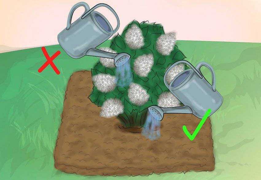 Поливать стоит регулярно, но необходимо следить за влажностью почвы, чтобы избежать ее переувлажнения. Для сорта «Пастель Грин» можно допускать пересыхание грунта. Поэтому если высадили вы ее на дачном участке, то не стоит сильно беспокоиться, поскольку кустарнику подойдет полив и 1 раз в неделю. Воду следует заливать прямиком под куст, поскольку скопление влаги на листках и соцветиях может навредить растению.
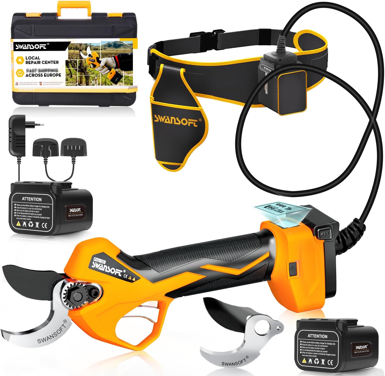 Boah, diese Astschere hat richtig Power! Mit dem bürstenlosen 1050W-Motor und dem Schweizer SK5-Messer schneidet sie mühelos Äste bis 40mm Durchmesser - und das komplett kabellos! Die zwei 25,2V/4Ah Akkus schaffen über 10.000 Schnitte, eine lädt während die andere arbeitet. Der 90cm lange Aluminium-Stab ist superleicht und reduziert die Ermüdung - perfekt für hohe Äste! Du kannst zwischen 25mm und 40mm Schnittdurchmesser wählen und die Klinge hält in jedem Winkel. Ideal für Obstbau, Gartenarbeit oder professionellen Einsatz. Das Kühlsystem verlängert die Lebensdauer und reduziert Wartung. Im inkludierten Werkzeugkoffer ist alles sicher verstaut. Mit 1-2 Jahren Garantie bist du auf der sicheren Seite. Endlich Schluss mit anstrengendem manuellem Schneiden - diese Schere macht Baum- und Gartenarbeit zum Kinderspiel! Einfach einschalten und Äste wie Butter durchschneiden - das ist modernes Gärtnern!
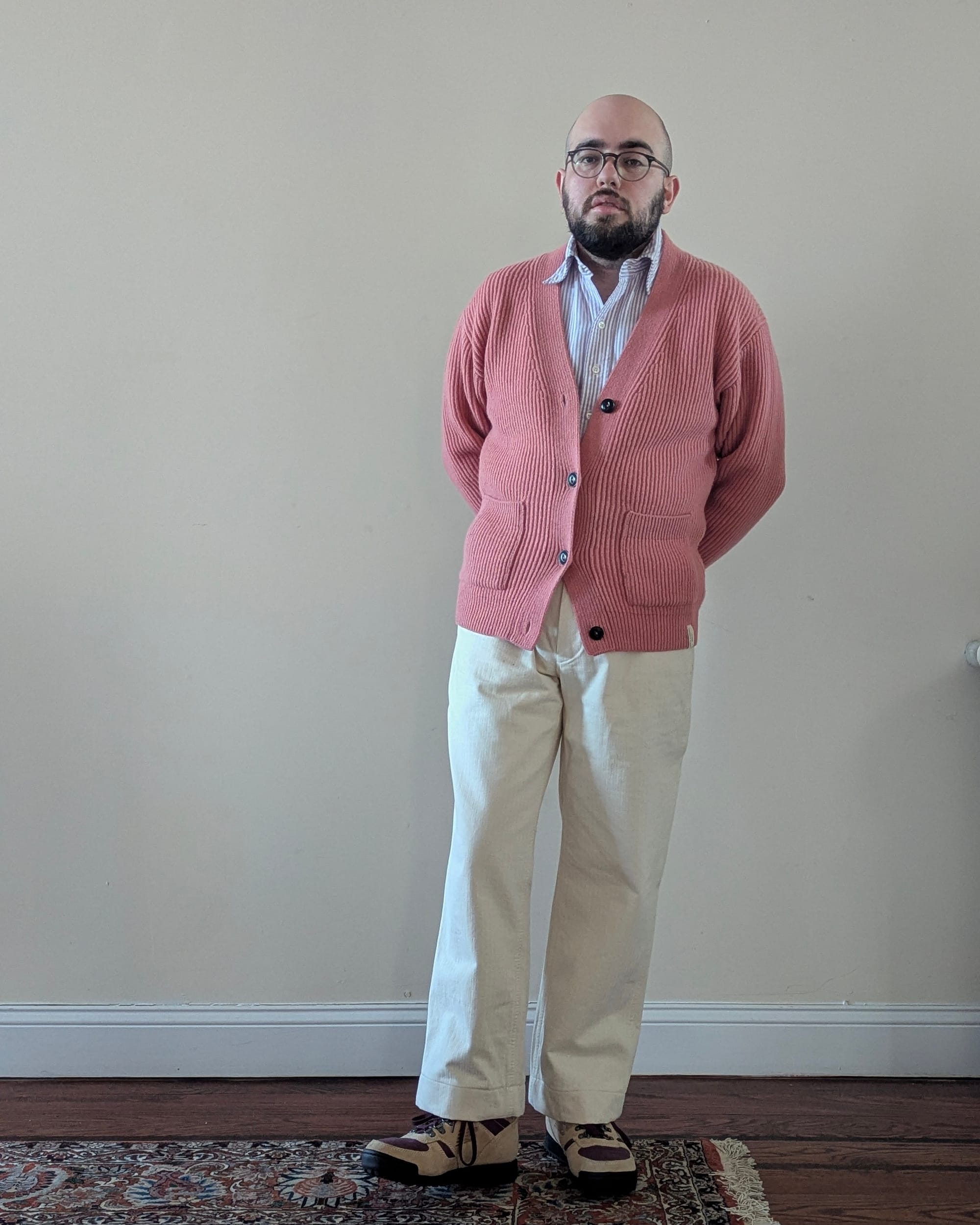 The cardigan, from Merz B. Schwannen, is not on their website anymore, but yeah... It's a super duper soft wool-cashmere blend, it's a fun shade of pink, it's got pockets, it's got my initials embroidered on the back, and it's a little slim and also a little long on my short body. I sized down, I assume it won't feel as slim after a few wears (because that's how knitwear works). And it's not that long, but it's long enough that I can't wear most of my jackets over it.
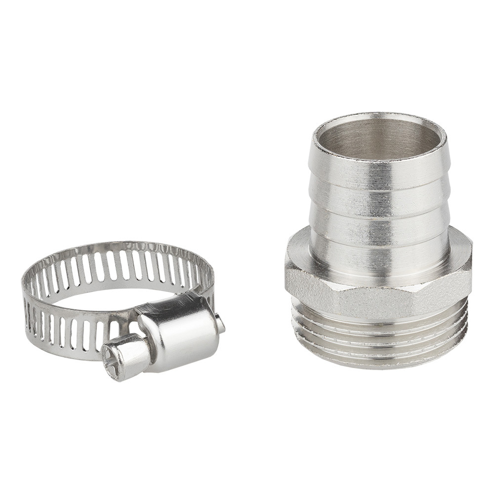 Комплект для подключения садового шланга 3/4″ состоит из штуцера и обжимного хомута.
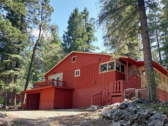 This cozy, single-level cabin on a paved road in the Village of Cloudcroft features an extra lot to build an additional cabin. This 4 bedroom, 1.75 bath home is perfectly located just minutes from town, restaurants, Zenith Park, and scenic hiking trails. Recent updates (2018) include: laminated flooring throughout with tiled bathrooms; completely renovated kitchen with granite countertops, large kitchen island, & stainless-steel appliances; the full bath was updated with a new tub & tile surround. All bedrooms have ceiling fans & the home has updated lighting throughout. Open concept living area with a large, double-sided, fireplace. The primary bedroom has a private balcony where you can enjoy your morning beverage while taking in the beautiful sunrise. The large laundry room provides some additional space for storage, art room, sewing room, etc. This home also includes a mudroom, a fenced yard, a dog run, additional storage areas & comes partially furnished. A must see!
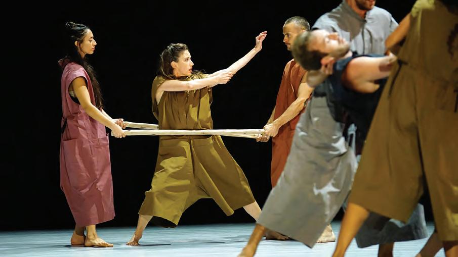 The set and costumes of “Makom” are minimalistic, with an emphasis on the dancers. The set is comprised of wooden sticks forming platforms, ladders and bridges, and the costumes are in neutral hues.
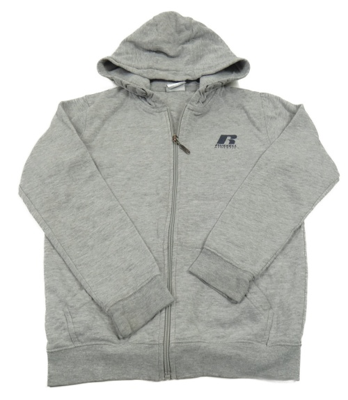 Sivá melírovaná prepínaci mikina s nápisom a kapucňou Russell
——
#### WHAT THE EXERCISE ASKS:
Return the preceding entries exactly, each word as given, but leave out any picture.

#### RESPONSE BELOW:
 Поливать стоит регулярно, но необходимо следить за влажностью почвы, чтобы избежать ее переувлажнения. Для сорта «Пастель Грин» можно допускать пересыхание грунта. Поэтому если высадили вы ее на дачном участке, то не стоит сильно беспокоиться, поскольку кустарнику подойдет полив и 1 раз в неделю. Воду следует заливать прямиком под куст, поскольку скопление влаги на листках и соцветиях может навредить растению.
 Boah, diese Astschere hat richtig Power! Mit dem bürstenlosen 1050W-Motor und dem Schweizer SK5-Messer schneidet sie mühelos Äste bis 40mm Durchmesser - und das komplett kabellos! Die zwei 25,2V/4Ah Akkus schaffen über 10.000 Schnitte, eine lädt während die andere arbeitet. Der 90cm lange Aluminium-Stab ist superleicht und reduziert die Ermüdung - perfekt für hohe Äste! Du kannst zwischen 25mm und 40mm Schnittdurchmesser wählen und die Klinge hält in jedem Winkel. Ideal für Obstbau, Gartenarbeit oder professionellen Einsatz. Das Kühlsystem verlängert die Lebensdauer und reduziert Wartung. Im inkludierten Werkzeugkoffer ist alles sicher verstaut. Mit 1-2 Jahren Garantie bist du auf der sicheren Seite. Endlich Schluss mit anstrengendem manuellem Schneiden - diese Schere macht Baum- und Gartenarbeit zum Kinderspiel! Einfach einschalten und Äste wie Butter durchschneiden - das ist modernes Gärtnern!
 The cardigan, from Merz B. Schwannen, is not on their website anymore, but yeah... It's a super duper soft wool-cashmere blend, it's a fun shade of pink, it's got pockets, it's got my initials embroidered on the back, and it's a little slim and also a little long on my short body. I sized down, I assume it won't feel as slim after a few wears (because that's how knitwear works). And it's not that long, but it's long enough that I can't wear most of my jackets over it.
 Комплект для подключения садового шланга 3/4″ состоит из штуцера и обжимного хомута.
 This cozy, single-level cabin on a paved road in the Village of Cloudcroft features an extra lot to build an additional cabin. This 4 bedroom, 1.75 bath home is perfectly located just minutes from town, restaurants, Zenith Park, and scenic hiking trails. Recent updates (2018) include: laminated flooring throughout with tiled bathrooms; completely renovated kitchen with granite countertops, large kitchen island, & stainless-steel appliances; the full bath was updated with a new tub & tile surround. All bedrooms have ceiling fans & the home has updated lighting throughout. Open concept living area with a large, double-sided, fireplace. The primary bedroom has a private balcony where you can enjoy your morning beverage while taking in the beautiful sunrise. The large laundry room provides some additional space for storage, art room, sewing room, etc. This home also includes a mudroom, a fenced yard, a dog run, additional storage areas & comes partially furnished. A must see!
 The set and costumes of “Makom” are minimalistic, with an emphasis on the dancers. The set is comprised of wooden sticks forming platforms, ladders and bridges, and the costumes are in neutral hues.
 Sivá melírovaná prepínaci mikina s nápisom a kapucňou Russell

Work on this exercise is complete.